[Source records]
========================================================================
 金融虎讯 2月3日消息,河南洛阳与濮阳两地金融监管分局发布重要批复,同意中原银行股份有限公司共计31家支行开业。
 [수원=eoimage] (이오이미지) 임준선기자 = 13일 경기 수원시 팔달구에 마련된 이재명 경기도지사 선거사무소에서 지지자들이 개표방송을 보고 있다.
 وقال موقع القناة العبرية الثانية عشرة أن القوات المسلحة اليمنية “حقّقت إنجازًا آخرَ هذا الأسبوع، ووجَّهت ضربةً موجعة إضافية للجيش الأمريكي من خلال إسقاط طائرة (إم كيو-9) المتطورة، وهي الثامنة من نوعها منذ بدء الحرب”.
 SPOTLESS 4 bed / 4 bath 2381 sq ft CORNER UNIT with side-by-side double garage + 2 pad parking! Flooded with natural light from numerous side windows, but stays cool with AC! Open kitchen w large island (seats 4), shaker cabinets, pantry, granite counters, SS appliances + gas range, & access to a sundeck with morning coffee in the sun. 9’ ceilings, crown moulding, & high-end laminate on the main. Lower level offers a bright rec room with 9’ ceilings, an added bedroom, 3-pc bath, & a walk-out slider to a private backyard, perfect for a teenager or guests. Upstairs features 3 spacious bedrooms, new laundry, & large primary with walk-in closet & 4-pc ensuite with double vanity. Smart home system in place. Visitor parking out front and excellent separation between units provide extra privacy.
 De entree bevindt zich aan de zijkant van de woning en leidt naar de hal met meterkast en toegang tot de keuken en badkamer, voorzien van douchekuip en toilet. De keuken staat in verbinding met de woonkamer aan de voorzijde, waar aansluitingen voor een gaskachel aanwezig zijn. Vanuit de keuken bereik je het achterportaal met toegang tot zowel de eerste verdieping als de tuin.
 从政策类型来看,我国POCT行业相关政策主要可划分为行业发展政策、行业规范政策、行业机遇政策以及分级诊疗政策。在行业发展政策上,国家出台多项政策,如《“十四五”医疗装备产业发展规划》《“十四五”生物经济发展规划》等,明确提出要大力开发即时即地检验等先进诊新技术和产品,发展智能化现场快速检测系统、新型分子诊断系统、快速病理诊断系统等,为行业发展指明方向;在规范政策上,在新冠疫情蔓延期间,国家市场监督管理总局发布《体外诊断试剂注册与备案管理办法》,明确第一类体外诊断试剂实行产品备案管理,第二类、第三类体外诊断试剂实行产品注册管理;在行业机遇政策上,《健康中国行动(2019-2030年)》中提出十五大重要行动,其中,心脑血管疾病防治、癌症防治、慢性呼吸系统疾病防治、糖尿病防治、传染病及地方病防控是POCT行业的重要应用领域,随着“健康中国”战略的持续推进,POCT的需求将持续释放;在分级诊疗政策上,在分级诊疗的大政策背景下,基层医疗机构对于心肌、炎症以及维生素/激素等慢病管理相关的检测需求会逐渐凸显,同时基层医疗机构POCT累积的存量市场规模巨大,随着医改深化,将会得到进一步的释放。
========================================================================
- [Work to complete]
Please retype all of the records, keeping each line exactly as it is.

- [Result of this task]
 金融虎讯 2月3日消息,河南洛阳与濮阳两地金融监管分局发布重要批复,同意中原银行股份有限公司共计31家支行开业。
 [수원=eoimage] (이오이미지) 임준선기자 = 13일 경기 수원시 팔달구에 마련된 이재명 경기도지사 선거사무소에서 지지자들이 개표방송을 보고 있다.
 وقال موقع القناة العبرية الثانية عشرة أن القوات المسلحة اليمنية “حقّقت إنجازًا آخرَ هذا الأسبوع، ووجَّهت ضربةً موجعة إضافية للجيش الأمريكي من خلال إسقاط طائرة (إم كيو-9) المتطورة، وهي الثامنة من نوعها منذ بدء الحرب”.
 SPOTLESS 4 bed / 4 bath 2381 sq ft CORNER UNIT with side-by-side double garage + 2 pad parking! Flooded with natural light from numerous side windows, but stays cool with AC! Open kitchen w large island (seats 4), shaker cabinets, pantry, granite counters, SS appliances + gas range, & access to a sundeck with morning coffee in the sun. 9’ ceilings, crown moulding, & high-end laminate on the main. Lower level offers a bright rec room with 9’ ceilings, an added bedroom, 3-pc bath, & a walk-out slider to a private backyard, perfect for a teenager or guests. Upstairs features 3 spacious bedrooms, new laundry, & large primary with walk-in closet & 4-pc ensuite with double vanity. Smart home system in place. Visitor parking out front and excellent separation between units provide extra privacy.
 De entree bevindt zich aan de zijkant van de woning en leidt naar de hal met meterkast en toegang tot de keuken en badkamer, voorzien van douchekuip en toilet. De keuken staat in verbinding met de woonkamer aan de voorzijde, waar aansluitingen voor een gaskachel aanwezig zijn. Vanuit de keuken bereik je het achterportaal met toegang tot zowel de eerste verdieping als de tuin.
 从政策类型来看,我国POCT行业相关政策主要可划分为行业发展政策、行业规范政策、行业机遇政策以及分级诊疗政策。在行业发展政策上,国家出台多项政策,如《“十四五”医疗装备产业发展规划》《“十四五”生物经济发展规划》等,明确提出要大力开发即时即地检验等先进诊新技术和产品,发展智能化现场快速检测系统、新型分子诊断系统、快速病理诊断系统等,为行业发展指明方向;在规范政策上,在新冠疫情蔓延期间,国家市场监督管理总局发布《体外诊断试剂注册与备案管理办法》,明确第一类体外诊断试剂实行产品备案管理,第二类、第三类体外诊断试剂实行产品注册管理;在行业机遇政策上,《健康中国行动(2019-2030年)》中提出十五大重要行动,其中,心脑血管疾病防治、癌症防治、慢性呼吸系统疾病防治、糖尿病防治、传染病及地方病防控是POCT行业的重要应用领域,随着“健康中国”战略的持续推进,POCT的需求将持续释放;在分级诊疗政策上,在分级诊疗的大政策背景下,基层医疗机构对于心肌、炎症以及维生素/激素等慢病管理相关的检测需求会逐渐凸显,同时基层医疗机构POCT累积的存量市场规模巨大,随着医改深化,将会得到进一步的释放。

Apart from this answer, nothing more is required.